== Work to complete ==
In the listing below, a line holding "Комплект видеонаблюдения.Разрешение камер: 2Мп." and a line holding "A grafia cifrada" mark the range. Retype both exactly, with all lines between them.

== Data excerpts ==
* * * * * * * * *
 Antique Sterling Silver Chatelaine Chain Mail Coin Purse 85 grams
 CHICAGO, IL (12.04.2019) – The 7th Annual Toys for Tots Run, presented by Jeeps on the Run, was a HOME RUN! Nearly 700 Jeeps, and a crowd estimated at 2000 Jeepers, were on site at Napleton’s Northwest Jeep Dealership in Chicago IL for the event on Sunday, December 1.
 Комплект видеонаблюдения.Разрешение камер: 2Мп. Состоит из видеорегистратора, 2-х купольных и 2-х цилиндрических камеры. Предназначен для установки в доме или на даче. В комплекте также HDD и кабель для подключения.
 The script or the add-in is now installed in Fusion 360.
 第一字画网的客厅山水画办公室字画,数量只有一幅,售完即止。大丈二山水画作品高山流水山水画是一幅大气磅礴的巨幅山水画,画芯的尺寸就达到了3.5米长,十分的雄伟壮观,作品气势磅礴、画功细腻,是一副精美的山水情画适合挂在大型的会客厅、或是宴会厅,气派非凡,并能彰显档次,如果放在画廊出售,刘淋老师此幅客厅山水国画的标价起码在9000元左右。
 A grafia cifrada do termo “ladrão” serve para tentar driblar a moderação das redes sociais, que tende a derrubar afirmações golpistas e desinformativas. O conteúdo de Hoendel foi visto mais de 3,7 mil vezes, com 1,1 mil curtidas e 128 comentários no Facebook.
* * * * * * * * *
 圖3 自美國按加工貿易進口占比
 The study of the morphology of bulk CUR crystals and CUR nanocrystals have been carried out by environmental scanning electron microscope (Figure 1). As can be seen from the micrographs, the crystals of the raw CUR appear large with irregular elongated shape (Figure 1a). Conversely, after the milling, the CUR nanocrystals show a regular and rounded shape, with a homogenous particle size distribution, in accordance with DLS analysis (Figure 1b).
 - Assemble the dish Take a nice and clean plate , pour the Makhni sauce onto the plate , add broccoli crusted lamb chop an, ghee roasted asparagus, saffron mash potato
* * * * * * * * *
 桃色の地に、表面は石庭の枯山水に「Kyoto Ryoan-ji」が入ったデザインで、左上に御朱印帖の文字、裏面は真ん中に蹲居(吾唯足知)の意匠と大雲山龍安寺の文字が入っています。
* * * * * * * * *
== Response ==
 Комплект видеонаблюдения.Разрешение камер: 2Мп. Состоит из видеорегистратора, 2-х купольных и 2-х цилиндрических камеры. Предназначен для установки в доме или на даче. В комплекте также HDD и кабель для подключения.
 The script or the add-in is now installed in Fusion 360.
 第一字画网的客厅山水画办公室字画,数量只有一幅,售完即止。大丈二山水画作品高山流水山水画是一幅大气磅礴的巨幅山水画,画芯的尺寸就达到了3.5米长,十分的雄伟壮观,作品气势磅礴、画功细腻,是一副精美的山水情画适合挂在大型的会客厅、或是宴会厅,气派非凡,并能彰显档次,如果放在画廊出售,刘淋老师此幅客厅山水国画的标价起码在9000元左右。
 A grafia cifrada do termo “ladrão” serve para tentar driblar a moderação das redes sociais, que tende a derrubar afirmações golpistas e desinformativas. O conteúdo de Hoendel foi visto mais de 3,7 mil vezes, com 1,1 mil curtidas e 128 comentários no Facebook.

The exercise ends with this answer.